# Wizard Cannot find your network hardware.



## TheStreak30 (Sep 12, 2007)

Dell
Windows Xp

So 2 days ago, i was having a problem with my computer, i would log in, and once my desktop came up, it would show for about 10 seconds, and then my icons and taskbar would dissapear. So i called dell, and they told me that most likely some spyware had leaked through and the best solution would be to reboot xp and start from scratch. So i go to do that and when the installation finished, i suddenly have no internet connection. I use a linksys router, and my laptop is connected to the router and gets a connection just fine.

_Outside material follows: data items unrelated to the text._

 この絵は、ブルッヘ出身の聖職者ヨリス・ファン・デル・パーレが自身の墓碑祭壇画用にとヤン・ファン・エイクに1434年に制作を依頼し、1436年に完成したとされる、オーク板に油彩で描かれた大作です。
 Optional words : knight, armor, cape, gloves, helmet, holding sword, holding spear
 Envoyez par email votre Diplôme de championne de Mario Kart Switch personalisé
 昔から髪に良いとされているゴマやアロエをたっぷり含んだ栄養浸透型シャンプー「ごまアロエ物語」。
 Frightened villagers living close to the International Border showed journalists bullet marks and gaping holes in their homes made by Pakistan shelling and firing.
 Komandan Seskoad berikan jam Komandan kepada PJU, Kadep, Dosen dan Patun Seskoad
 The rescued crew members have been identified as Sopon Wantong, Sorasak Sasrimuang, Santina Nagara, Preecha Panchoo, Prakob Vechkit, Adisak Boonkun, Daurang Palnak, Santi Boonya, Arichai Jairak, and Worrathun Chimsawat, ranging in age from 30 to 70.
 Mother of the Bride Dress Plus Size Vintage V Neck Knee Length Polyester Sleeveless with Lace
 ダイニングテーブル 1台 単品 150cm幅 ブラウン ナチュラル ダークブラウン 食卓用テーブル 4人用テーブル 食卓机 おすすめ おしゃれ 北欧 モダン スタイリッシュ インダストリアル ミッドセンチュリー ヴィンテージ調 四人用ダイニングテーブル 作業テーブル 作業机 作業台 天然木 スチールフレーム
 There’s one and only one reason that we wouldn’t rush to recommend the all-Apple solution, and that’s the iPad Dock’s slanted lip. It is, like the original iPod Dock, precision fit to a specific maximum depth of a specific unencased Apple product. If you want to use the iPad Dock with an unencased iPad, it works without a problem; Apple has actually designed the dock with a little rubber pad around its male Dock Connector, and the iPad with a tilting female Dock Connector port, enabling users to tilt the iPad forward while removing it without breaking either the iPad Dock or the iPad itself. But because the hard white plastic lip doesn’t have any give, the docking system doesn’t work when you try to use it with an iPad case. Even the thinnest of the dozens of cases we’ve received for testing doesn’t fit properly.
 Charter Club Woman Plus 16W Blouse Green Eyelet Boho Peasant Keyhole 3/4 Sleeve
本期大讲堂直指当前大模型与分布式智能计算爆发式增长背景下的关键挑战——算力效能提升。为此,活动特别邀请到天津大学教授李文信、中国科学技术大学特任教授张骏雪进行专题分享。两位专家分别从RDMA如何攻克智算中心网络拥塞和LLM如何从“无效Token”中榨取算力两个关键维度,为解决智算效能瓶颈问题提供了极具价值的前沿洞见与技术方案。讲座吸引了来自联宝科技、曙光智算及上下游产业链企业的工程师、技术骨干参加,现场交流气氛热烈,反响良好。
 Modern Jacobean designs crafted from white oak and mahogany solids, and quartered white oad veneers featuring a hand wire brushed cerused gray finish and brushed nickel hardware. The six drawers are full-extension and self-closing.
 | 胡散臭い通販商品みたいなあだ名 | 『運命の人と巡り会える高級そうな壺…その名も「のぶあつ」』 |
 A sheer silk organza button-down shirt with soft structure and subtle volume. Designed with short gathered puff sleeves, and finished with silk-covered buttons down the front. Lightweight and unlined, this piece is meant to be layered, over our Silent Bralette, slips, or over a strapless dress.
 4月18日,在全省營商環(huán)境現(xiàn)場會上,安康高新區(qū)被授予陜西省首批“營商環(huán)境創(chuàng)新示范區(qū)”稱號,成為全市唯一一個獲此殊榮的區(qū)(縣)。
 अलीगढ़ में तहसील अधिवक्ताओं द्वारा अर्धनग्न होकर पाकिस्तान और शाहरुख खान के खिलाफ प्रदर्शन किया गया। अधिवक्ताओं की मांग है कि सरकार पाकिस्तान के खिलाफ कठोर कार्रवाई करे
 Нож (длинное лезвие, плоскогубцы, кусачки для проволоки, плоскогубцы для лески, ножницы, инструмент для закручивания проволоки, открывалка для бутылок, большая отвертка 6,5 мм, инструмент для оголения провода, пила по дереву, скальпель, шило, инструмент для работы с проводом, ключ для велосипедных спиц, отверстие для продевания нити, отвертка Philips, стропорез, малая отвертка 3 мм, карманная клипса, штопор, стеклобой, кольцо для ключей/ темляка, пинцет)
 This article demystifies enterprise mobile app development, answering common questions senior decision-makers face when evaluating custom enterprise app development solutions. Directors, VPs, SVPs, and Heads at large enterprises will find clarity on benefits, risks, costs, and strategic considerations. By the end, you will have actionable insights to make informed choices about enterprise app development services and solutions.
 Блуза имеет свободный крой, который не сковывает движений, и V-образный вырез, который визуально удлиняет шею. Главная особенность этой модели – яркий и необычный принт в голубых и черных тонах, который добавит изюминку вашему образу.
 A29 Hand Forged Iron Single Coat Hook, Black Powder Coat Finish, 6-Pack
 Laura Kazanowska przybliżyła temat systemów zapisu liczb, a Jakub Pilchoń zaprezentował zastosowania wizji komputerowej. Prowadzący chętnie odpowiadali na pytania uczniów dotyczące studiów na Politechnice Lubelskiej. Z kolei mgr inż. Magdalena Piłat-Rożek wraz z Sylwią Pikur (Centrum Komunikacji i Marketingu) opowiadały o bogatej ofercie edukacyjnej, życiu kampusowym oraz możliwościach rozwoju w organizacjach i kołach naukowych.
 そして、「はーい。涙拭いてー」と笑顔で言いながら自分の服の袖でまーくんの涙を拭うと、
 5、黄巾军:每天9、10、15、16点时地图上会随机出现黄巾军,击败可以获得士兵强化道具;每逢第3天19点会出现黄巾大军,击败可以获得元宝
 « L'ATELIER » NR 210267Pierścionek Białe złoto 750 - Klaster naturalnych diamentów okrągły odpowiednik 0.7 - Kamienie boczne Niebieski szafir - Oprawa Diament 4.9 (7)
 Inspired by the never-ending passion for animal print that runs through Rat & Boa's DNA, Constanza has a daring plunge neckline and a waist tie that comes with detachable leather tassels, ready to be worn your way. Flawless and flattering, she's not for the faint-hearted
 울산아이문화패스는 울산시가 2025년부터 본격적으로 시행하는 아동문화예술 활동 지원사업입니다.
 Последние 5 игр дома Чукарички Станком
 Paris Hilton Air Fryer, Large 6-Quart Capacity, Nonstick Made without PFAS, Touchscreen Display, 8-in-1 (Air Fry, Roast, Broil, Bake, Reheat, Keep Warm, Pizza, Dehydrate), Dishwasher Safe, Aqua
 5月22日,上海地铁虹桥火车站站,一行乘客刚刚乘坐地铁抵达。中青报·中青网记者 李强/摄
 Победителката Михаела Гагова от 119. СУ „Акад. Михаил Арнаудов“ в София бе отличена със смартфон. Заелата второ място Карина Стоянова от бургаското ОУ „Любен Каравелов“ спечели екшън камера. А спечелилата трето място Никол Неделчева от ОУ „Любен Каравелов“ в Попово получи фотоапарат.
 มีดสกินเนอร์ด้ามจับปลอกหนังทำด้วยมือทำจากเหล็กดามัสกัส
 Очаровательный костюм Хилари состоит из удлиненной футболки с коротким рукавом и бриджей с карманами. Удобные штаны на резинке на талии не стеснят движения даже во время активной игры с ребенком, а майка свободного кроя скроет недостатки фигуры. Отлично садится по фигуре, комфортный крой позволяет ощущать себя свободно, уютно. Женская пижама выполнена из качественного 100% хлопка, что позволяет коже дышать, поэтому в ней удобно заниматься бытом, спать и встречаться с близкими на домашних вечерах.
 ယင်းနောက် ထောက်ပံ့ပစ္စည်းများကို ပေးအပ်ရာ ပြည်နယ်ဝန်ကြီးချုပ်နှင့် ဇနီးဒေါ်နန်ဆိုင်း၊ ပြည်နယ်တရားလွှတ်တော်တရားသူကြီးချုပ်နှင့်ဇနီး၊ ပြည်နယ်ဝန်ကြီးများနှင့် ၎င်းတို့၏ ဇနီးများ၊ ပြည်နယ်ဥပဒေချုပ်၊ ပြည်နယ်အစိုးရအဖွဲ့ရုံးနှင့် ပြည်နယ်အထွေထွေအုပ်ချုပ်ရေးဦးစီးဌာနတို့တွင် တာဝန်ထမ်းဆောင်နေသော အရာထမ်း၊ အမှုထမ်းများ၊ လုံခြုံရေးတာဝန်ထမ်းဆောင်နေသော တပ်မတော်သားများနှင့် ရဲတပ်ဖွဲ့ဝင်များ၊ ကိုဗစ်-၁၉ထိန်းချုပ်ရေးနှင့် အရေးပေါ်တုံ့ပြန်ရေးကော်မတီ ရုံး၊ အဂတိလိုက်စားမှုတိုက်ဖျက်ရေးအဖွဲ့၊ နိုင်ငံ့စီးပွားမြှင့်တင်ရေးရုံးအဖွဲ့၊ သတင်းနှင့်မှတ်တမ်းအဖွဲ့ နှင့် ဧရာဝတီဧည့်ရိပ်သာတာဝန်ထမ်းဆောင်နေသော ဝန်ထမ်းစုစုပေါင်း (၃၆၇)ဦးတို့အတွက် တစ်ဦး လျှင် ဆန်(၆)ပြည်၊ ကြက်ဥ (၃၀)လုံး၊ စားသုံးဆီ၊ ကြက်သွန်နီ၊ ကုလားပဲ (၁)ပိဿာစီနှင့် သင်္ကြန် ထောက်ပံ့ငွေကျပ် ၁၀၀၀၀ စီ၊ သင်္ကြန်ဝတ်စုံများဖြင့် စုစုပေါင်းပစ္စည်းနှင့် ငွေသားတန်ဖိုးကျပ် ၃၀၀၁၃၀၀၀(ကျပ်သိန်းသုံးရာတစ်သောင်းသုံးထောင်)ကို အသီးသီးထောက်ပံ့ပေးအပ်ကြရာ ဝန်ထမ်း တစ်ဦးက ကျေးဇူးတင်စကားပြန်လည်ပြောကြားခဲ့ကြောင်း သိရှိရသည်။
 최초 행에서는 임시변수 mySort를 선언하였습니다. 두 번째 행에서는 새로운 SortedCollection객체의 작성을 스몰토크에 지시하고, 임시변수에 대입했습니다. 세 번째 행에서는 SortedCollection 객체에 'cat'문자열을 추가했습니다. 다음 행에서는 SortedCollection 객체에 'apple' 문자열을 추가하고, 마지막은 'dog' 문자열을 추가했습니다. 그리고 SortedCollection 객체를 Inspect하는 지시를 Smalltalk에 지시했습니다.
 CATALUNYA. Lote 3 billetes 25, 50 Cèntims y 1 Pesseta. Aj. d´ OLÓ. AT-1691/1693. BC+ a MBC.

So im guessing my problem is that when i go on my pc and go to the network connections screen, its empty. Wehn i try to set one up, i get the "Wizzard cannot find your network hardware" which is strange because before i re-installed, i had a working internet connection. If you have any tips, that doesnt require me talking to the useless folks at "dell-on-call" please help.

Be slow with me lol, im a beginner, i kno some basics, but if u tell me to do some crazy stuff, i will probably get lost =). So step by step please if u can help.

thanks
lee


----------



## TerryNet (Mar 23, 2005)

Check in Device Manager; you'll almost definitely find that some devices are missing drivers. Install all your chipset drivers, and then any others you need, from your Drivers CD or from Dell's web site.


----------



## TheStreak30 (Sep 12, 2007)

well i can't do from the website because i cant get online. and i installed my dell dimension and xps resource cd, but that didnt help.


----------



## TerryNet (Mar 23, 2005)

"well i can't do from the website because i cant get online"

You seem to be online enough to post here.  Use removable media to copy the needed files to the "sick" machine.


----------



## Dezaras (Mar 26, 2007)

just a curious question, did dell give you a third cd labeled "drivers and utilities"


----------